Толкнув дверь Желтой комнаты, Рультабий остановился на пороге и с волнением произнес слова, которые мне суждено было понять лишь потом:

– О! Духи дамы в черном!

В комнате было темно.

Папаша Жак хотел открыть ставни, но Рультабий остановил его:

– Разве драма разыгралась в полной темноте?

– Нет, молодой человек, я этого не думаю. Мамзель требовала, чтобы у нее на столе всегда горел ночник, и это я зажигал его по вечерам, перед тем как ей лечь спать… Да чего там! Я, можно сказать, был ей заместо горничной по вечерам! Настоящая-то горничная приходила только утром. Мамзель работала допоздна… ночью!
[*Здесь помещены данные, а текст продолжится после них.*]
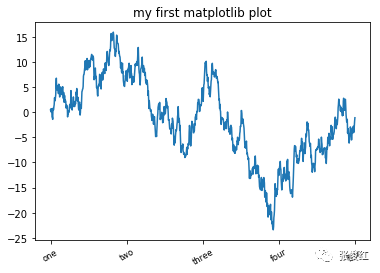 lables=ax.set_xticklabels(["one","two","three","four","five"],rotation=30,fontsize="small")#设置x轴对应的标签,y轴把x换成y即可

– Где стоял стол с ночником? Далеко от кровати?

– Далеко.

– А не могли бы вы сейчас зажечь ночник?

– Ночник разбился, и масло все пролилось, когда упал стол. Да все так и осталось, как было. Давайте я открою ставни, и вы сами увидите…

– Подождите!

Вернувшись в лабораторию, Рультабий закрыл ставни на окнах и дверь в прихожей. Мы очутились в полной темноте; тогда он зажег восковую спичку, вручил ее папаше Жаку и велел ему выйти с этой спичкой на середину Желтой комнаты, на то самое место, где в ту ночь горел ночник.

Папаша Жак, разутый, в одних носках (свои сабо он обычно оставлял в прихожей), вошел в Желтую комнату со своей догоравшей восковой спичкой, и мы смутно увидели плохо освещенные ее угасавшим пламенем опрокинутые на пол вещи, кровать в углу и напротив нас, с левой стороны, отражение зеркала, висевшего на стене возле кровати. Видение было очень коротким.

– Довольно! – сказал Рультабий. – Можете открыть ставни.

– Только не входите, – попросил папаша Жак, – а не то наследите своими ботинками… А тут ничего нельзя трогать… Это идея следователя… идея, говорю, хотя чего там, с ним и так все ясно…

И он открыл ставни. Мертвенно-бледный свет проник снаружи, осветив зловещую картину, замкнутую меж шафранных стен. Деревянный пол – ибо если в прихожей и лаборатории пол был выложен плиткой, то в Желтой комнате он был деревянный, – и его почти целиком закрывала желтая циновка размером чуть ли не во всю комнату, она была подсунута и под кровать, и под туалетный столик – это были единственные вещи, оставшиеся на своих местах. А круглый стол, стоявший посередине, ночной столик и два стула были опрокинуты. Однако это не мешало разглядеть на циновке широкое пятно крови, которая, по словам папаши Жака, вытекла из раны на виске у мадемуазель Станжерсон. Кроме того, капельки крови были заметны повсюду, где на полу отпечатались большие черные следы убийцы. Все говорило за то, что эти капли крови сочились из раны того, кто оставил на стене, ухватившись за нее на какое-то мгновение, отпечаток окровавленной руки. На стене можно было увидеть и другие следы той же руки, но гораздо менее явственные. А это и в самом деле был отчетливый отпечаток большой мужской руки.

Я невольно воскликнул:

– Смотрите!.. Видите эту кровь на стене?.. Человек, который с такой силой уперся в стену рукой, ничего не мог разглядеть в темноте и наверняка думал, что это дверь. Он хотел открыть ее! Вот почему он нажимал с такой силой, оставив на желтых обоях свой обвинительный акт. Не думаю, чтобы в мире нашлось много других рук, похожих на эту. Рука большая и сильная, и пальцы почти все одинаково длинные! А большой палец отсутствует. Мы видим только след ладони. Но если мы проследим за отпечатками этой руки, – продолжал я, – то увидим, как она, опершись о стену, ощупывает ее в поисках двери, наконец находит эту дверь и начинает искать замок…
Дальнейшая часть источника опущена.